Respectable but not great, I have to say. I suppose the model here is Deborah Crombie or Elizabeth George, straight-up contemporary police procedural involving male DCI and female DS. Only they have no personalities. They’re utterly flat. The book is ingeniously plotted but Maitland is so cursory with the characterization that at first the narrative had a strange choppy rhythm, as we moved from consciousness to consciousness without — this is difficult to express — ever feeling grounded. I think that’s what I mean. Here’s an example: late in the book Kathy Kolla visits the Soane Museum in London to follow up on a clue.
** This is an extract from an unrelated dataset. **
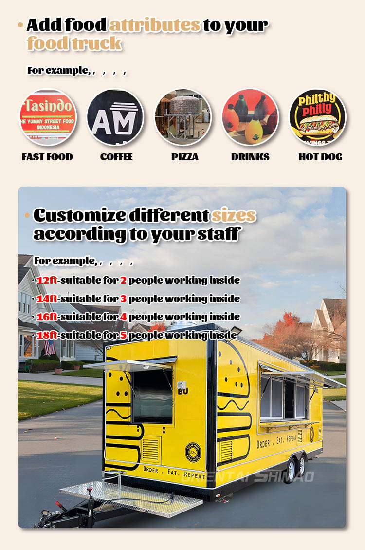 モダンなデザイン:外観デザインはシンプルで寛大で、滑らかなラインで、現代的な美的要素を組み込んでおり、フードトラックの全体的な質感を向上させるだけでなく、顧客の注目を集めるのも簡単です。
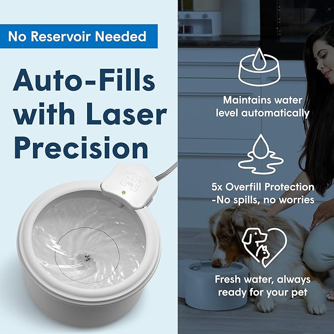 - Smart Laser Technology for Automatic Refills: The Always Full Pet Water Bowl uses precision laser technology to monitor water levels, ensuring your furry friend always has fresh, clean water; When the water level drops by 10mm, the bowl automatically refills—plus, its self-flushing system removes debris every hour, keeping water free from hair, food particles, and mess, no drain required; Spend less time filling and cleaning cat & dog bowls and more time enjoying moments with your pet

She has a conversation with a guide  in the course of which essential information is imparted. Yet the guide is described only as “an elderly, impish man” and not named. That’s an opportunity lost.  Think of the nifty pen portraits we get from writers like Crombie and George, who manage to flesh out even the most fleeting presences in their books.  

The dialogue isn’t bad, and the description of place is pretty good. Lots of moaning about Yard bureaucracy (standard for contemporary UK and Italian mysteries) which ties neatly into the plot. Plot concerns pretentious idiocy at a Shoreditch art gallery. This stuff works very, very well. Nice sardonic view of art that includes, for instance, a “piece” called “Dead Puppies” that involves just that.  Clever.